What to produce:
No pictures should appear in the copy. Reproduce exactly the lines from the one containing "太极实业600667:封测业" through the end of the material below.

Source data:
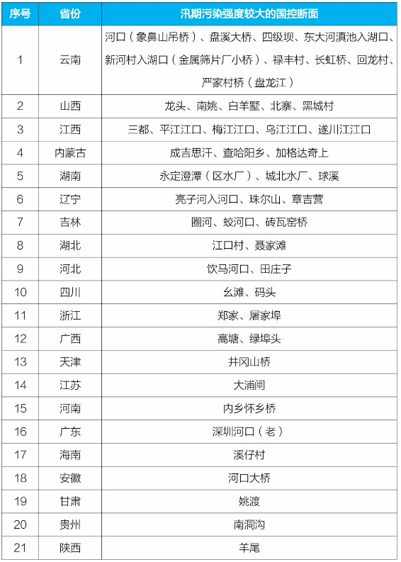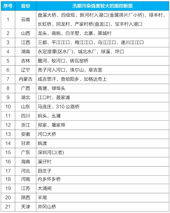 ▼2021年1-10月汛期污染強(qiáng)度較大的國(guó)控?cái)嗝媲鍐?。圖片來(lái)源:生態(tài)環(huán)境部
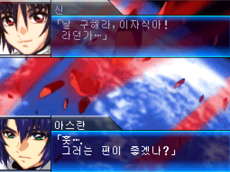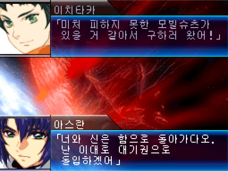 아스란 : 그래... 여기서부터는 각자가 자력으로 돌입할 수밖에 없어. 신, 넌 그 기체를 커버해라. 잘만 하면 둘 다 죽지 않을 거야.
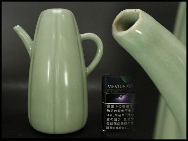 - 【銀閣】高麗 李朝 青磁 水注 高19cm 旧家蔵出 送料無料(RC832)
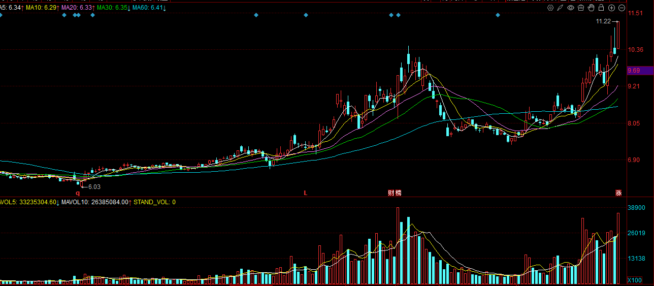 太极实业600667:封测业务受益于半导体行业复苏,太极实业上周五的表现还是比较强的,现在股价也是创了阶段性的高点,成交量也是比较配合,说明市场中的做多意愿较强,上方抛压比较小,周一如果能够小幅的高开市场中有接力还是有望继续来中阳线的。现在突破了上方10快的压力位,周一关注他的量能,能够放量还是有望站上12的。从周末的年报来看,同时公司年度股东大会已审议通过回购方案,拟回购股份用于市值管理,二月份还是值得研究的。
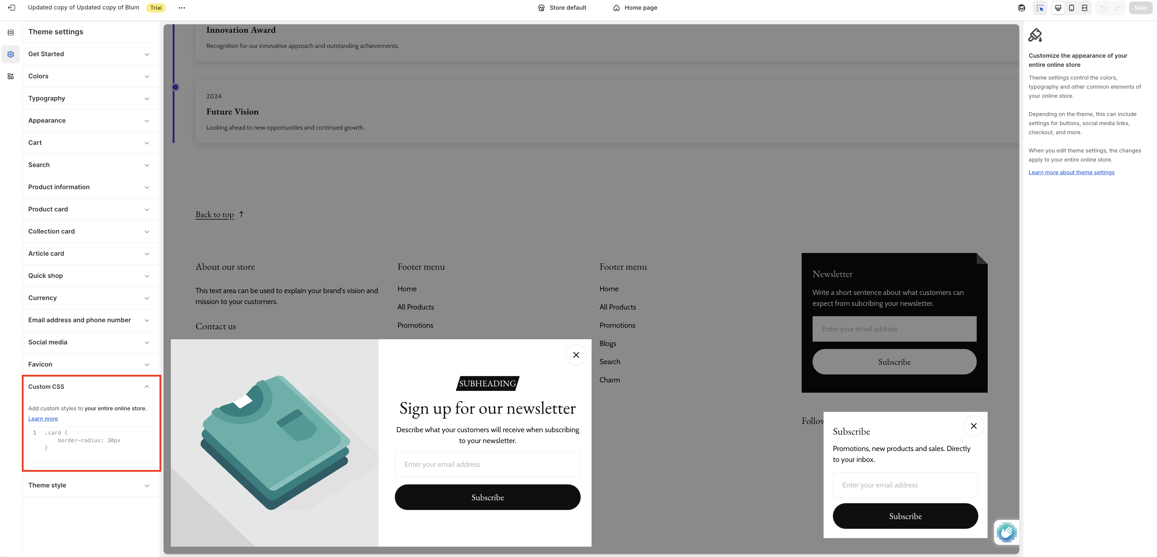 The Custom CSS feature in Blum Theme allows you to add your own custom CSS code to personalize and enhance your store’s appearance beyond the default theme settings. This powerful tool is perfect for making specific style adjustments without modifying the theme’s core files.
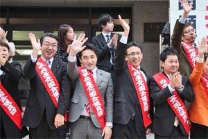 全日本金属情報機器労働組合(JMIU)の「安倍内閣の暴走を許すな!春闘勝利JMIU中央行動」国会請願デモを激励。
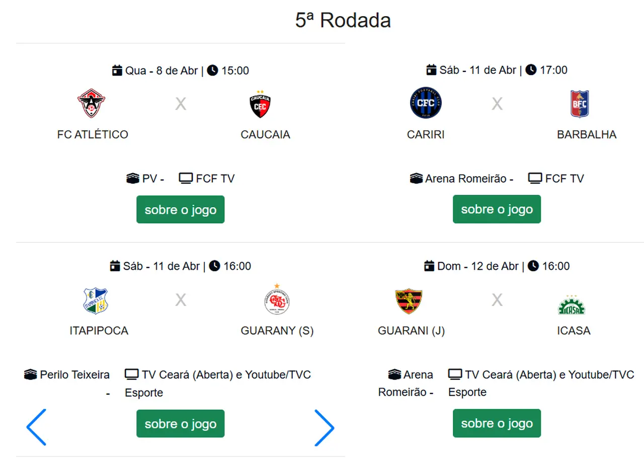 Jogos da 5ª rodada
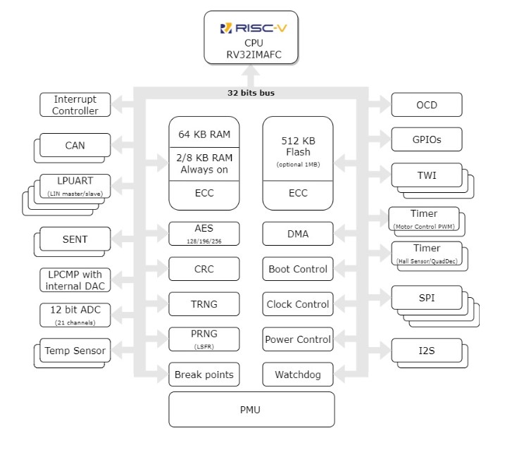 Ce microcontrôleur, dont le coeur obéit au jeu d'instructions RISC-V RV32IMAFC, est particulièrement bien adapté aux besoins des applications de détection et de commande de petits moteurs, affirme Cortus.

Finished task:
 太极实业600667:封测业务受益于半导体行业复苏,太极实业上周五的表现还是比较强的,现在股价也是创了阶段性的高点,成交量也是比较配合,说明市场中的做多意愿较强,上方抛压比较小,周一如果能够小幅的高开市场中有接力还是有望继续来中阳线的。现在突破了上方10快的压力位,周一关注他的量能,能够放量还是有望站上12的。从周末的年报来看,同时公司年度股东大会已审议通过回购方案,拟回购股份用于市值管理,二月份还是值得研究的。
 The Custom CSS feature in Blum Theme allows you to add your own custom CSS code to personalize and enhance your store’s appearance beyond the default theme settings. This powerful tool is perfect for making specific style adjustments without modifying the theme’s core files.
 全日本金属情報機器労働組合(JMIU)の「安倍内閣の暴走を許すな!春闘勝利JMIU中央行動」国会請願デモを激励。
 Jogos da 5ª rodada
 Ce microcontrôleur, dont le coeur obéit au jeu d'instructions RISC-V RV32IMAFC, est particulièrement bien adapté aux besoins des applications de détection et de commande de petits moteurs, affirme Cortus.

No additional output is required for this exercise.